Accessibility -- Which Symbol to Use?

Thursday, October 6, 2016

In recent years there has been a concerted effort to replace the traditional symbol of “Accessibility” with what some advocates view as a more vital and robust rendition. As required by the Americans with Disabilities Act (ADA) of 1990, signed by President George H. W. Bush, the use of the “International Symbol of Accessibility” became a guideline requirement for clearly identifying provisions for accessibility to public site users. This traditional symbol of accessibility (fig. 1) has

International Accessibility Symbol

Figure 1

undoubtedly served those intentions very well for the past 45-plus years, clearly portraying its representational meaning. Proponents of the revised version see the older symbol as a stagnant image of those who are physically challenged and rely on accessibility provisions.

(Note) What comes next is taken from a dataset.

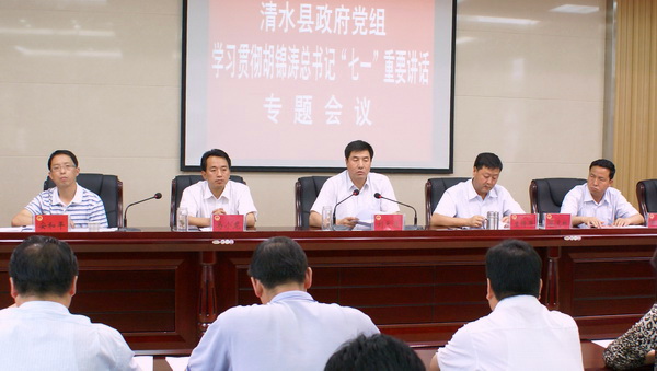 7月13日,清水縣政府黨組召開(kāi)會(huì)議,專(zhuān)題學(xué)習(xí)貫徹胡錦濤總書(shū)記在慶祝中國(guó)共產(chǎn)黨成立90周年大會(huì)上的重要講話精神。

In 2014, Governor Andrew Cuomo signed legislation making New York the first state in the nation to require the modified symbol for recognizing accessibility provisions, particularly for state-owned sites or funded projects. The law also required the removal of the word “handicapped” from new or replaced state signage. This was done in an effort to change the standard ADA image, eliminating a perceived stigma for those who

New Universal Access Symbol

Figure 2

rely on accessibility. Informally referred to as the “In Motion” symbol (fig. 2), the new image is often referred to as the “Universal Accessibility Symbol” and is also construed as the “International Symbol for Accessibility.”

Though many others have also advocated for swapping out the long-standing “International Symbol for Accessibility,” the effort has not yet gained total acceptance. Until there is a complete change in attitude toward disability inclusiveness, and all regulatory documents are updated accordingly, there will be continued confusion on what is required. We will most likely see a mixed use of symbols, as shown in figure 3, for some time to come.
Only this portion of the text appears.